Supporting Your Right to Practice:  Resources 

Information Sources

 Talking Points

  • See below for how to explain why Biodynamic Craniosacral Therapy should not be required to be licensed under massage therapy law.

 Letter Writing Guide

  •  Steps for Letter Writing:
    • Identify your state Senator and Representative: Visit the AMTA State Regulations web page
    • Send a letter via email to:
      1. Your state Senator
      2. Your state Representative
    • Follow these guidelines in your communication:
      1. Refer to "______ proposed changes to Massage Therapy Law" in the subject line. Make it personal. It’s important to include essential information; but equally important that your letter is distinct from others and does not appear to be a "form letter."
      2. Clearly state that you are opposed to requiring licensure for Biodynamic Craniosacral Therapy (BCST) and why. Select two or three talking points below and use your own words.
      3. Keep it brief, keep sentences and paragraphs short.
      4. Consider asking to meet with your legislator to discuss the bill. If you include this, say that you will be contacting her/him to follow up.
    • Send the letter via email, with a copy to the JGRC at [email protected], so we’ll know who's been contacted, and have a record of letters sent
    • Follow up with a phone call

Talking Points for Proposed Changes to Massage Therapy Law

The proposed changes to Massage Therapy Law would unfairly require bodywork licensure for Biodynamic Craniosacral Therapy practitioners and teachers.

 Biodynamic Craniosacral Therapy should not be required to be licensed because:

  • The Biodynamic Craniosacral Therapy Association of North America (BCTA/NA) has regulated BCST practitioners & teachers since 1998, setting and enforcing standards, accrediting training programs, certifying teachers and practitioners.
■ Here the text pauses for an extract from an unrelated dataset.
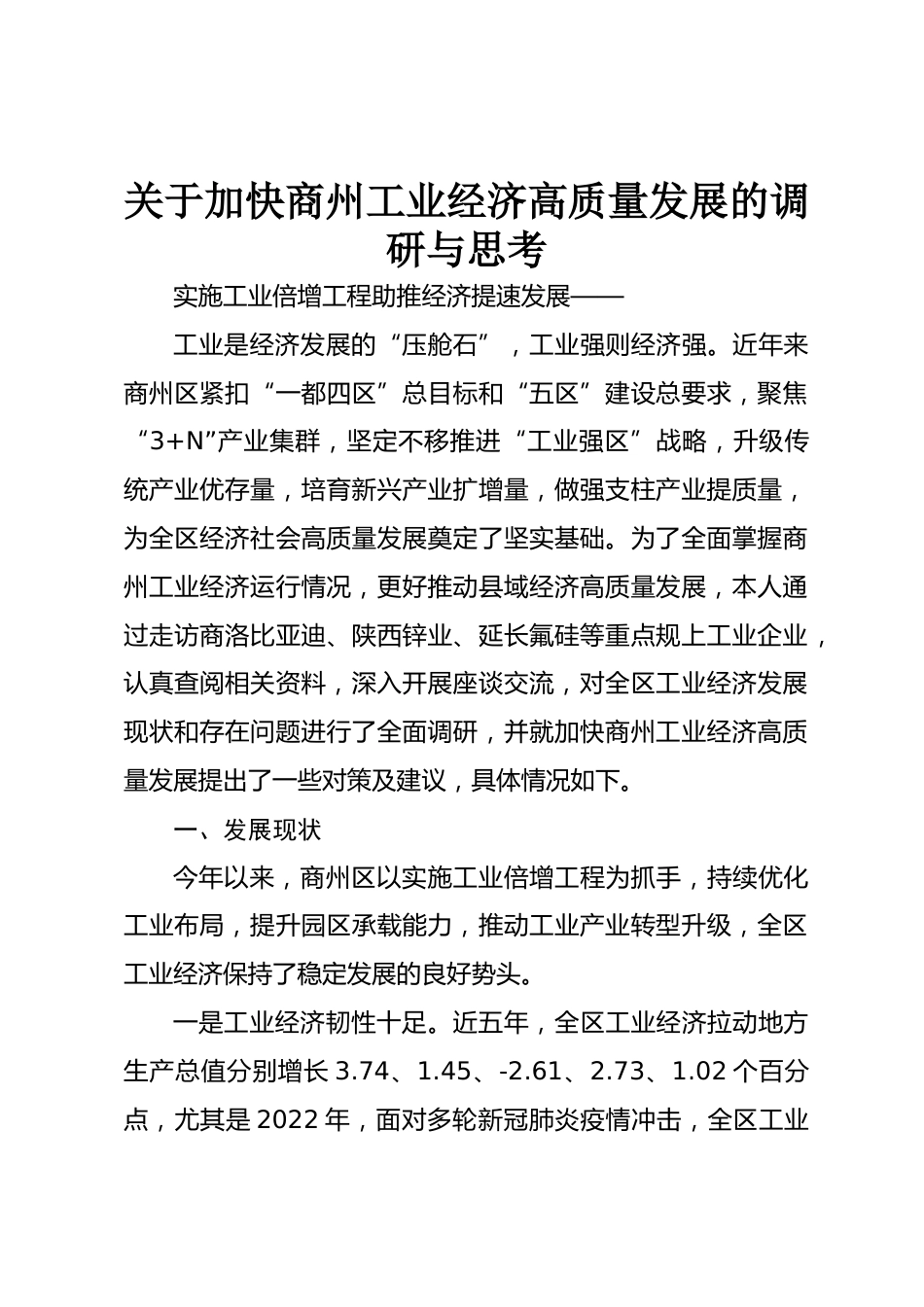 關(guān)于加快商州工業(yè)經(jīng)濟(jì)高質(zhì)量發(fā)展的調(diào)研與思考

  • BCTA/NA approved-teachers have 1,400 hours of specialized training, practitioners having 700 hours specialized training. Bodywork training is not relevant or applicable to their practice.

  • Biodynamic Craniosacral Therapy (BCST) is based on the work of William Garner Sutherland, DO. BCST recognizes an essential ordering principle carried in the rhythms of the body's inherent life force, which Dr. Sutherland referred to as the "Breath of Life."
    • The ability of cells and tissues to express their primary respiratory motion is a critical factor in determining our state of health - when these rhythms are expressed in fullness and balance, health and well-being naturally follow. BCST helps resolve the trapped forces that underlie and govern patterns of disease and fragmentation in both body and mind.
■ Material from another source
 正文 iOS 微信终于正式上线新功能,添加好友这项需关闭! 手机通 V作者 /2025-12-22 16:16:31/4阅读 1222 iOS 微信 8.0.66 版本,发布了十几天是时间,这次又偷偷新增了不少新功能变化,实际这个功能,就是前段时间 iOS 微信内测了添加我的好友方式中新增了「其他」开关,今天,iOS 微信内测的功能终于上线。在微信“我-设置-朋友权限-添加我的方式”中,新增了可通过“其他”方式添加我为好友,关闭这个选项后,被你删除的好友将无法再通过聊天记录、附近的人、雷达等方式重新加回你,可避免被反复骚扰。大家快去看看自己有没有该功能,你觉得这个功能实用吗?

    • This involves the BCST practitioner "listening through their hands" to the body's subtle rhythms and any patterns of inertia or congestion. The person receiving the session is fully clothed, sitting in a chair to start and then lying on a massage table in a supported and comfortable way.

    • Through the development of subtle palpation skills, the BCST practitioner can read the story of the body, identify places where issues are held and then follow the body’s natural priorities for healing as directed by the patient¹s physiology. In finding your own words, please use our Standards of Practice as a resource: https://www.craniosacraltherapy.org/standards-for-practice

  • The practice of Biodynamic Craniosacral Therapy is exempted from massage therapy and/or bodywork licensure requirements in statute in 4 states.

 The bill to create bodywork licensure should not be passed because:

  • Biodynamic Craniosacral Therapists are accountable to the Biodynamic Craniosacral Therapy Association of North America through Standards of Practice, Service Mark, Code of Ethics, and Educational Curriculum.

  • The definition of bodywork is inaccurate.

  • The need for oversight of BCST and other professions has not been demonstrated, and is an unnecessary use of scarce state resources.

  • The law would limit public access to beneficial services.

  • The law includes requirements for training and certification programs that do not exist and/or that would be inappropriate for BCST practitioners

  • Requiring BCST practitioners and teachers to get bodywork training is unnecessary, costly and would limit small business opportunities in  your state.

  • Requiring BCST practitioners and teachers to identify themselves as bodyworkers would confuse the public and detract from professionalism.

A bodywork board would not have the knowledge or expertise to set standards for Biodynamic Craniosacral therapy, and this has been done successfully for over 20 years by the Biodynamic Craniosacral Therapy Association of North America.